Uma delas reacendeu o debate nacional sobre a necessidade, ou não, de se impor limites ao poder de investigação criminal do Ministério Público, ao propor que as investigações por promotores e procuradores da República ocorram apenas de forma subsidiária, quando demonstrada a insuficiência dos órgãos policiais.
Se é certo que o sistema atual pode e deve ser aprimorado, certo é, também, que a proposta acima mencionada, caso acolhida, configurará verdadeiro retrocesso à apuração de crimes.
Como é sabido, os sistemas jurídicos dos países ocidentais, de modo geral, consagraram regras de separação dos poderes estatais, partindo da premissa de que a concentração de poder é a porta para a arbitrariedade. Criaram-se, então, divisões do poder estatal, que funcionam por meio de conjuntos de regras estabelecidas para evitar que um desses Poderes se sobreponha aos demais. Esses poderes, então, funcionam como freios e contrapesos uns dos outros. Por essa ótica, aparentemente, a separação das funções de investigar, exercida pela polícia, e a de acusar, exercida pelo Ministério Público, seria benéfica ao sistema.
Todavia, ao contrário do que possa parecer, a atividade de investigar não é um fim em si mesma, mas, sim, é um instrumento à disposição de diversos órgãos públicos, e não apenas da polícia, para coleta de elementos sobre a prática, ou não, de ilícito.
Por isso, investigações são realizadas por órgãos fiscais e administrativos, como também são feitas pelo Legislativo e pelo Judiciário, nos âmbitos de suas competências.
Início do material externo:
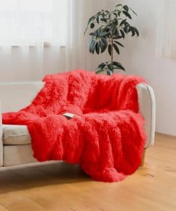 Manta de Piel Sintética Roja, Manta Roja 66″ x 80″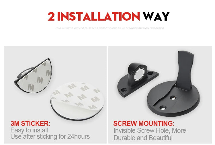 There are 2 ways to install the doorstop, install by screws or by nail-free sticker.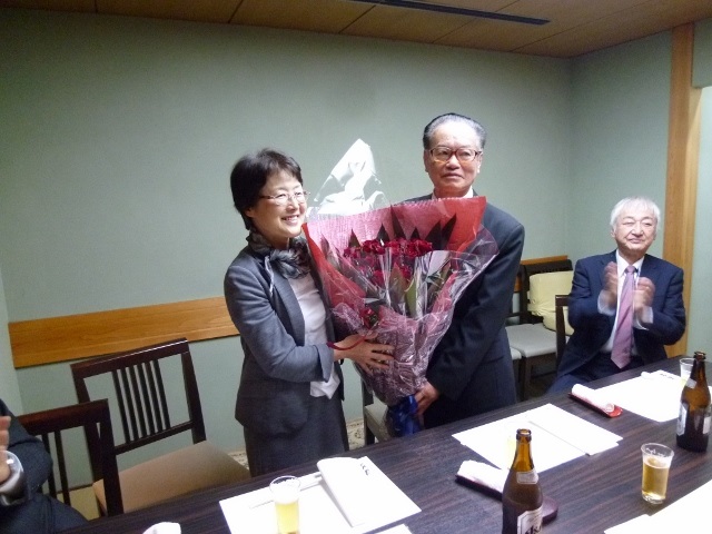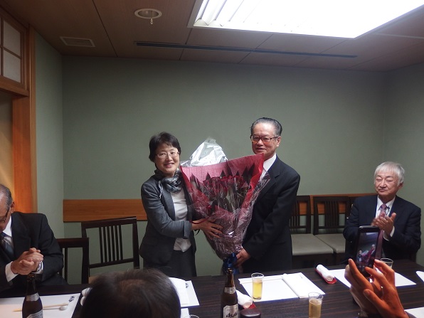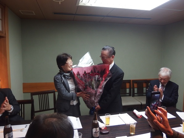 黒瀬真由美理事から、はるばる岡山から新幹線で運ばれた、花束の贈呈。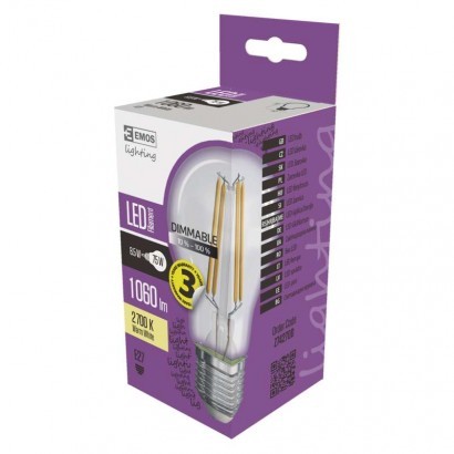 barva světla: teplá bílá|energetická třída: A++|index podání barev (CRI): Ra >80|kategorie/řada: FILAMENT|náhrada za žárovku: 75 W|napětí: 230 V~/50 Hz|patice (uchycení žárovky): E27|počet čipů: 4|počet spínacích cyklů: 15 000|příkon: 8,5 W|prodejní obal: 1 ks, krabička|rozměr: 60 × 110 mm|startovací doba: 0,1 s|stmívatelná: ano|světelná účinnost: 125 lm/W|světelný tok/svítivost: 1 060 lm|technologie: LED|teplota chromatičnosti: 2 700 K|tvar: Classic A60|typ čipů: COB|účiník: 0,5|úhel vyzařování: 360°|záruční doba: 3 roky|životnost: 25 000 hodin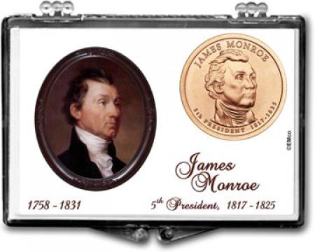 Edgar Marcus Snaplock Holders are made in the USA from high quality, crystal clear polystyrene. Each holder includes a cardboard insert featuring unique and beautiful artwork. The insert is hole-punched the perfect size to hold a coin relevant to the artwork. These holders are great for gift giving, rewards and storing and displaying collectible coins. This holder is designed to hold a James Monroe presidential dollar. The artwork includes a portrait of James Monroe, the order in which he was president, the years he served as president and the years of his birth and death. Coins shown in the picture are for illustration purposes only and are not included.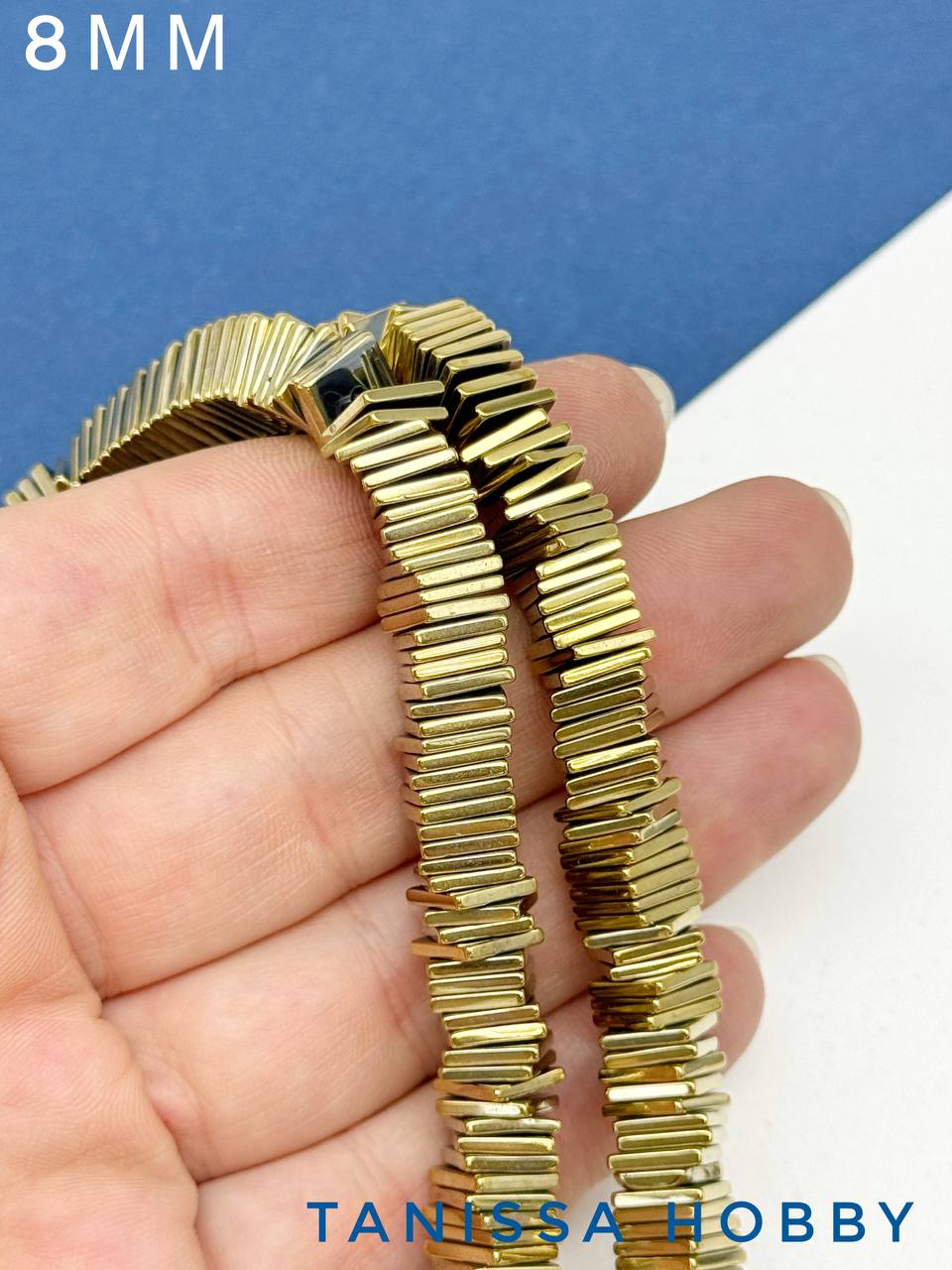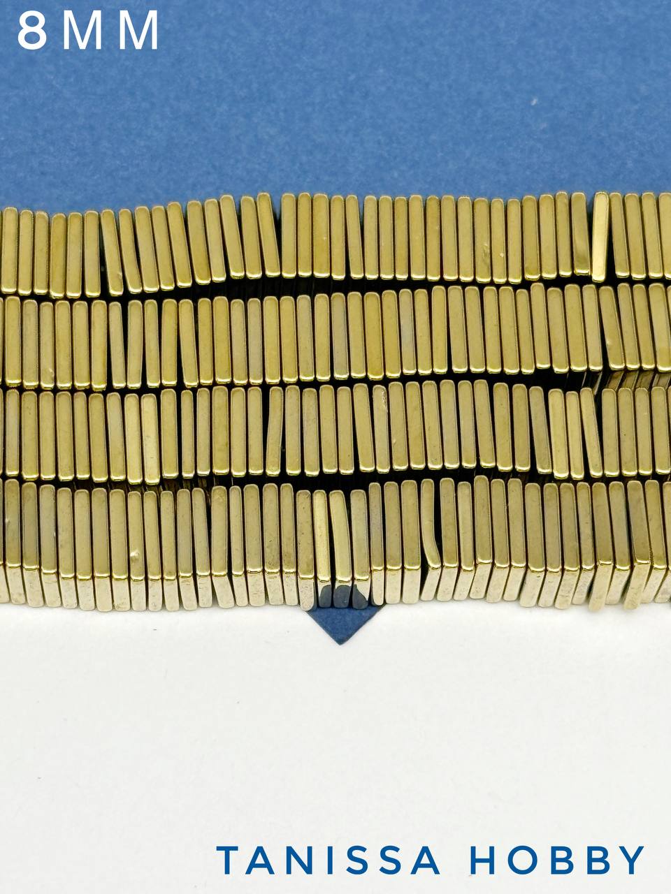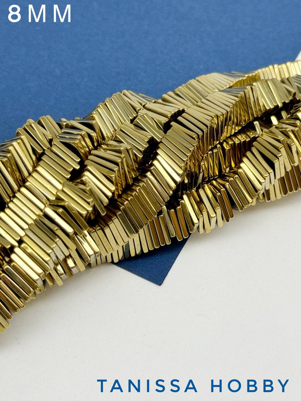 -Гематин гематит квадрат 8мм, золото, 1/2 нити, ГТ052

Esses elementos, uma vez colhidos, poderão resultar, ou não, na instauração de processos, judiciais ou administrativos, para que, à luz do contraditório, haja a possibilidade de se aplicarem sanções. Em outras palavras, não existe monopólio sobre a atividade de investigar.
No caso das investigações criminais, é justamente o Ministério Público o responsável por ajuizar as ações penais e sobre ele recai o ônus de provar, em juízo, a prática de delitos. Por isso, a participação do Ministério Público na investigação é essencial, para que ele possa atuar de modo a colher os elementos que, posteriormente, terá que defender ao longo do processo. Também por isso não pode ficar ele subordinado ao tempo e modo dos órgãos policiais.
Ademais, as investigações conduzidas pelo Ministério Público possuem papel relevantíssimo em apurações de atos envolvendo servidores e membros do Poder Executivo. Isso porque, por imperativo constitucional, as polícias civil e federal são subordinadas, respectivamente, aos governadores e ao Presidente da República, motivo pelo qual não gozam das mesmas prerrogativas concedidas aos membros do Ministério Público.
Dessa forma, a existência de um regime no qual não haja monopólio sobre a investigação criminal favorece a possibilidade de elucidação de crimes e, por consequência, o interesse de toda a sociedade.